* **RECORDS FOR THE TASK**:

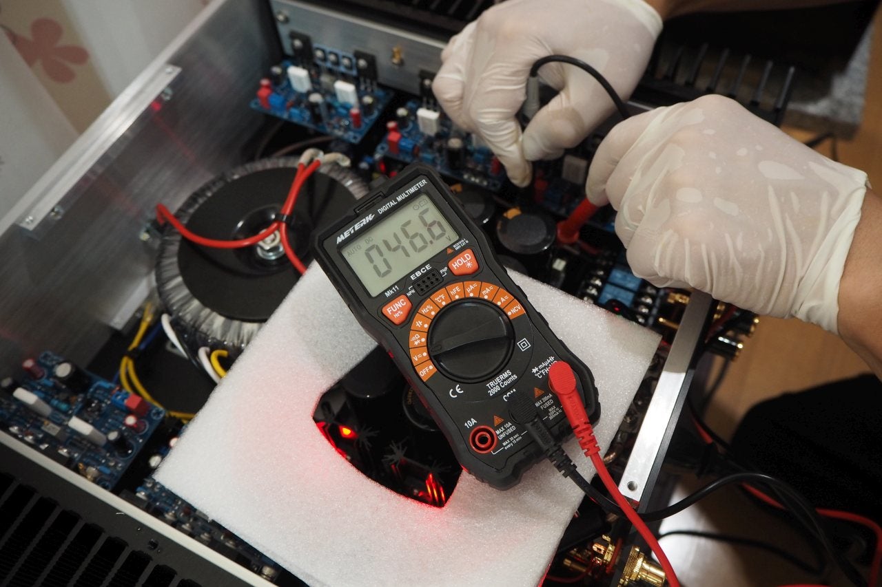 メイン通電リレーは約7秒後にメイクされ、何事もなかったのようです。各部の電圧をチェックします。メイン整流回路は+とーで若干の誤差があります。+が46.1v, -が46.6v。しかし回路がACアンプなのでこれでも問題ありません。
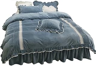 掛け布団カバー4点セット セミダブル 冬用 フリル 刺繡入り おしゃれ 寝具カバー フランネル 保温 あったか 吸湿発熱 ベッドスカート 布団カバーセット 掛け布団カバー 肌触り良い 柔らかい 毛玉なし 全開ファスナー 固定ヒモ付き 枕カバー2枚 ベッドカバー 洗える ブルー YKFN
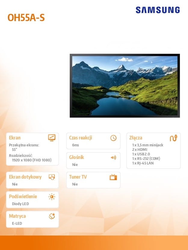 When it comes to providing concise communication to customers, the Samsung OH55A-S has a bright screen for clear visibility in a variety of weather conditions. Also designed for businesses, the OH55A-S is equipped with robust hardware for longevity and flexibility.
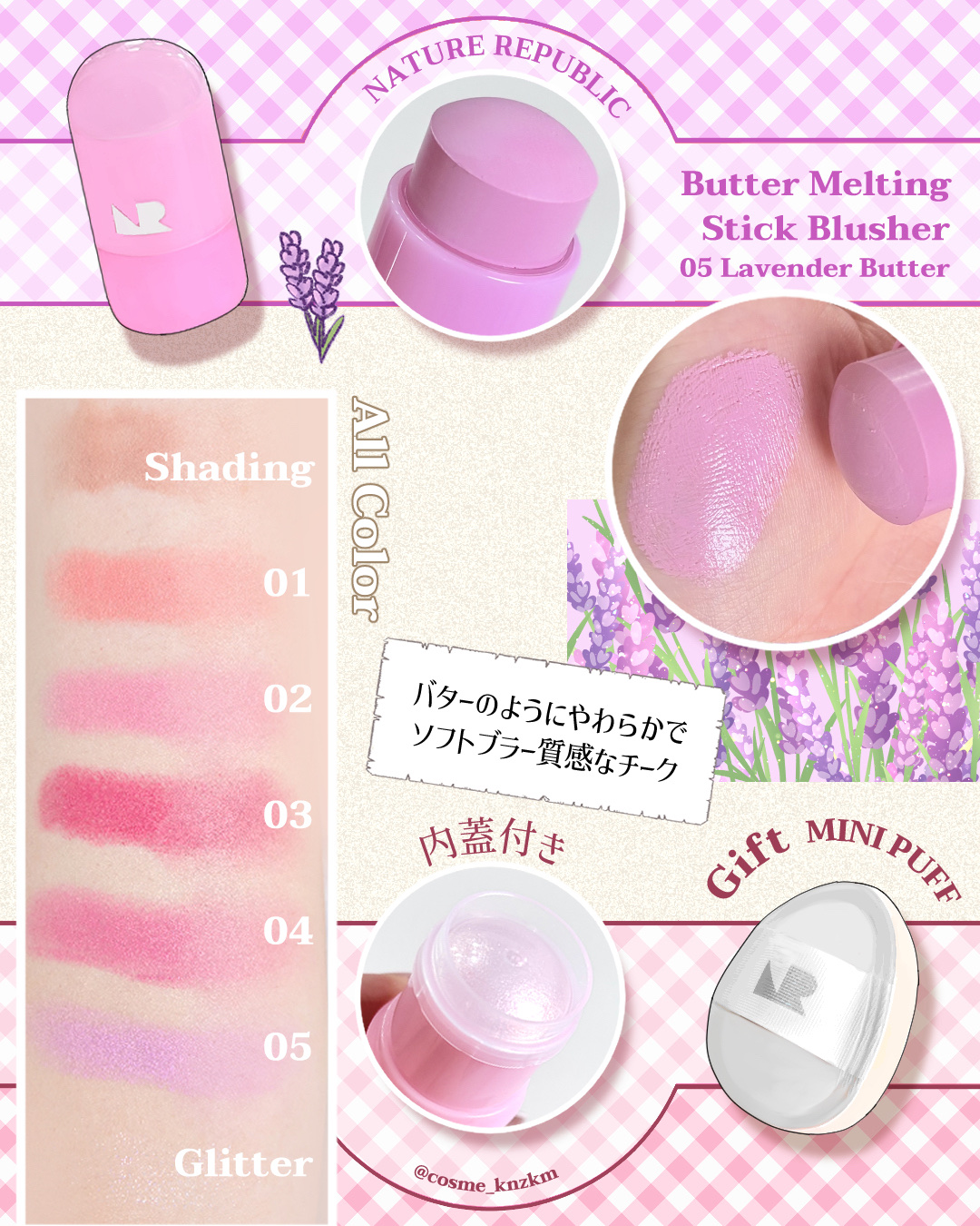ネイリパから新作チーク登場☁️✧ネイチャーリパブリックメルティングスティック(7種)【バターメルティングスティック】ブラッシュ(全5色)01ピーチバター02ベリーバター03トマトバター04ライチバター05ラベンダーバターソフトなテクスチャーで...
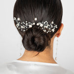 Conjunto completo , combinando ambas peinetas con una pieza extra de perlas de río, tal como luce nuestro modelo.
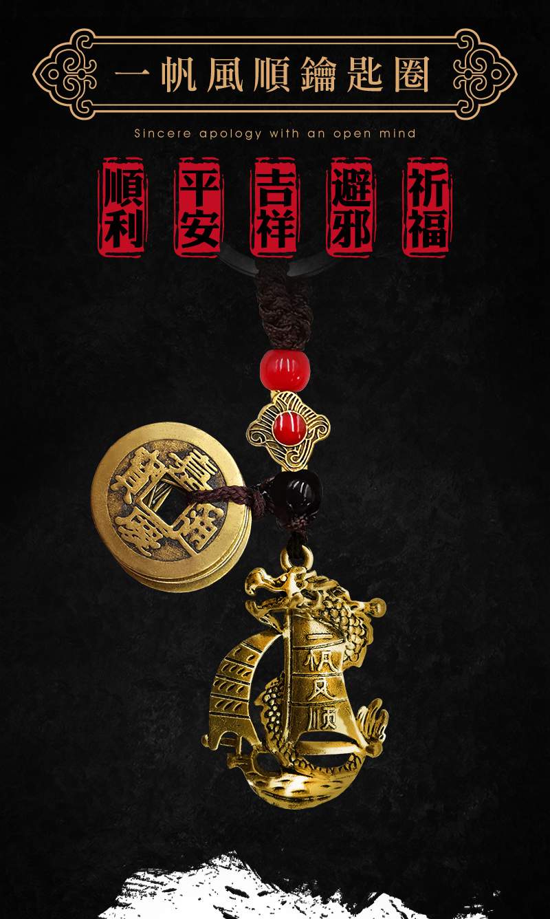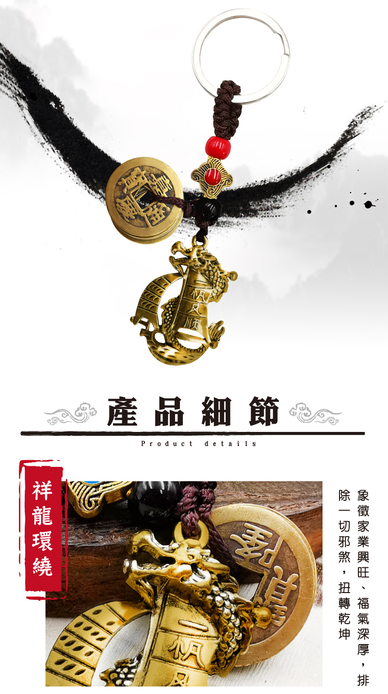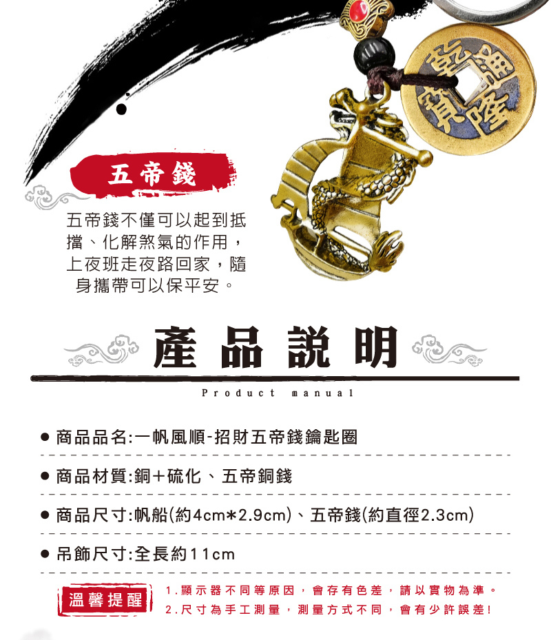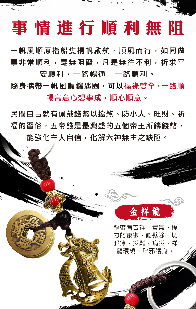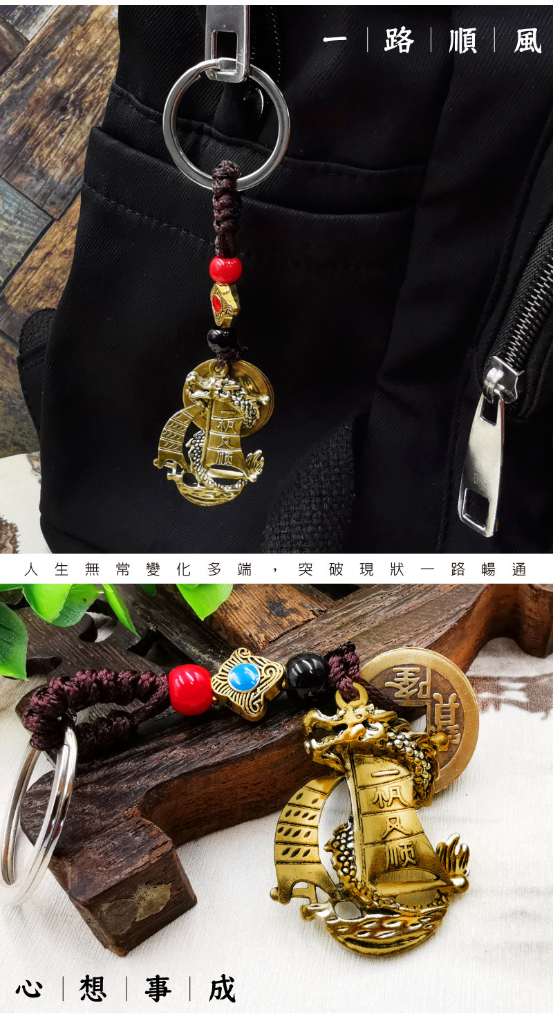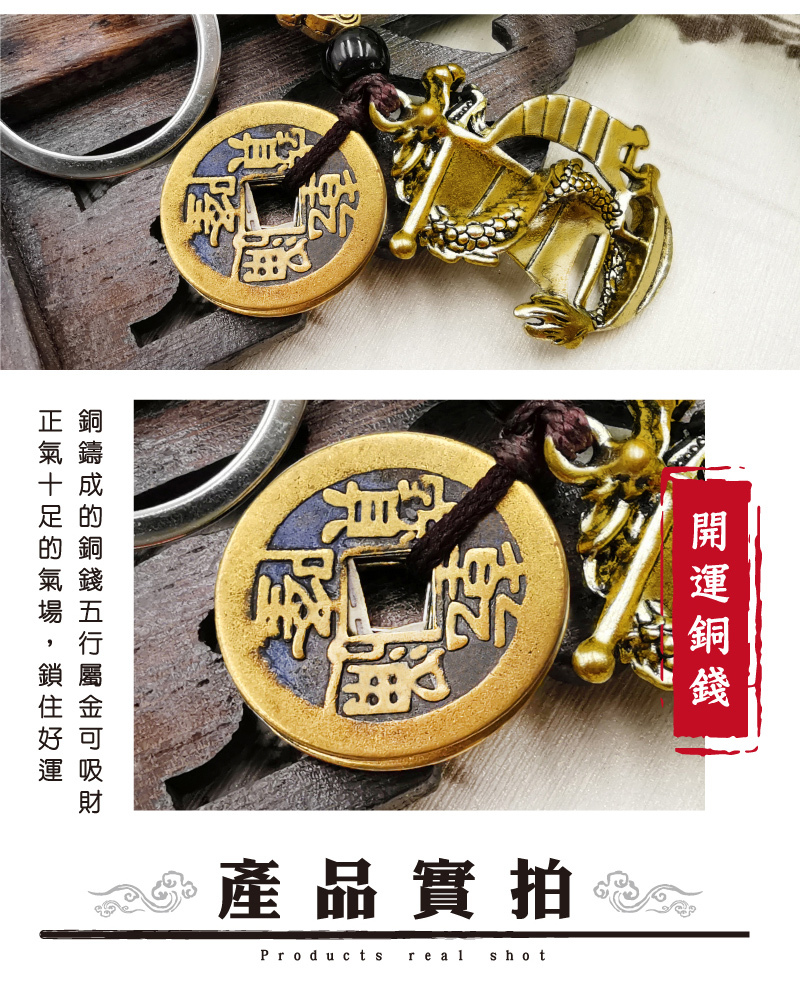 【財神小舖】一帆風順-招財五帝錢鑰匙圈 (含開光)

...

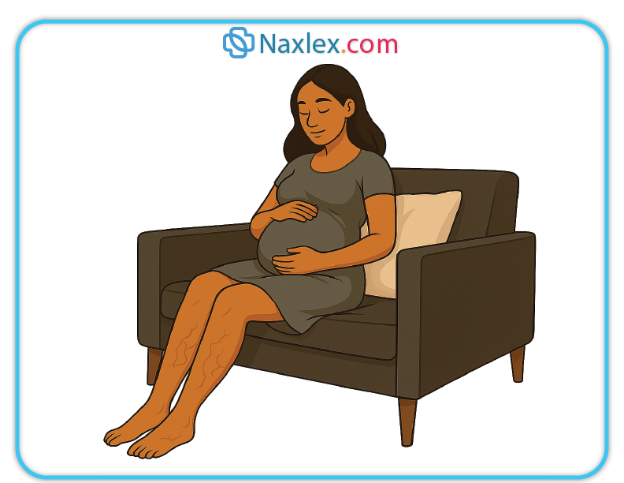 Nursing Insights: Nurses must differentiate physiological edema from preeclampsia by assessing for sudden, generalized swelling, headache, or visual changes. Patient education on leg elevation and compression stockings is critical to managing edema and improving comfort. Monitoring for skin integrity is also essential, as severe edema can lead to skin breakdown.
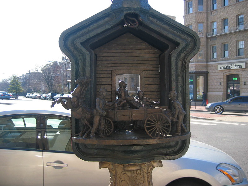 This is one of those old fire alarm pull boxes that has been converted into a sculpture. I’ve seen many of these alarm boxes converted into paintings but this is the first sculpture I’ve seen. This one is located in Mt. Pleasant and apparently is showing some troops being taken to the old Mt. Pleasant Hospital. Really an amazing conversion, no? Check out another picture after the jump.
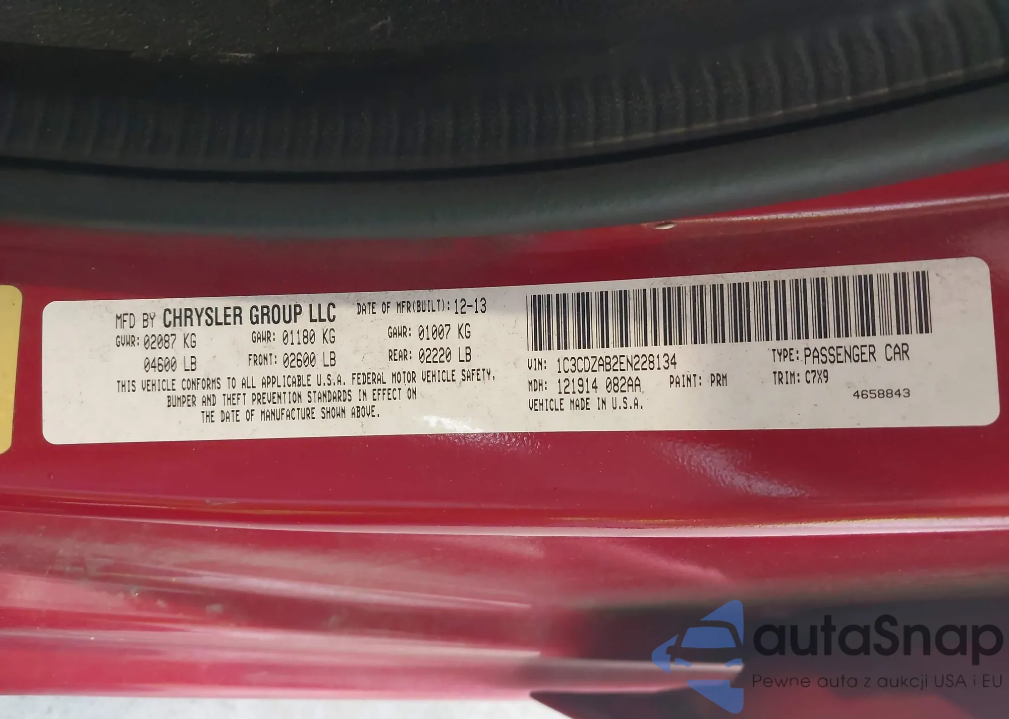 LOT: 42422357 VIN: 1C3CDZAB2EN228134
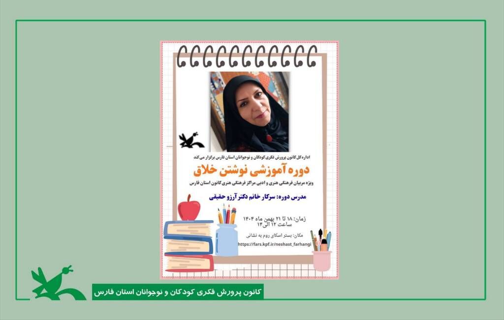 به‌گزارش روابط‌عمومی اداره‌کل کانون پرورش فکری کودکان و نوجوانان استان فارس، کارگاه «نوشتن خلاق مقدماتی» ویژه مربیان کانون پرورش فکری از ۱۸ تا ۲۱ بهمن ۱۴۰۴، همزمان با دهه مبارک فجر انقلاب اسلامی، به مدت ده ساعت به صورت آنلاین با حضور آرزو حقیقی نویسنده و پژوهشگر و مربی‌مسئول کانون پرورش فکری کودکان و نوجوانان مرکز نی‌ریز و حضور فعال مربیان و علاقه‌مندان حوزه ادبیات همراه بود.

* **WORK INSTRUCTION**:
Within the listing above, write out the stretch from the line with "Nursing Insights: Nurses" through the line with "به‌گزارش روابط‌عمومی اداره‌کل" exactly. Any pictures are to be left out.

* **YOUR SOLUTION**:
 Nursing Insights: Nurses must differentiate physiological edema from preeclampsia by assessing for sudden, generalized swelling, headache, or visual changes. Patient education on leg elevation and compression stockings is critical to managing edema and improving comfort. Monitoring for skin integrity is also essential, as severe edema can lead to skin breakdown.
 This is one of those old fire alarm pull boxes that has been converted into a sculpture. I’ve seen many of these alarm boxes converted into paintings but this is the first sculpture I’ve seen. This one is located in Mt. Pleasant and apparently is showing some troops being taken to the old Mt. Pleasant Hospital. Really an amazing conversion, no? Check out another picture after the jump.
 LOT: 42422357 VIN: 1C3CDZAB2EN228134
 به‌گزارش روابط‌عمومی اداره‌کل کانون پرورش فکری کودکان و نوجوانان استان فارس، کارگاه «نوشتن خلاق مقدماتی» ویژه مربیان کانون پرورش فکری از ۱۸ تا ۲۱ بهمن ۱۴۰۴، همزمان با دهه مبارک فجر انقلاب اسلامی، به مدت ده ساعت به صورت آنلاین با حضور آرزو حقیقی نویسنده و پژوهشگر و مربی‌مسئول کانون پرورش فکری کودکان و نوجوانان مرکز نی‌ریز و حضور فعال مربیان و علاقه‌مندان حوزه ادبیات همراه بود.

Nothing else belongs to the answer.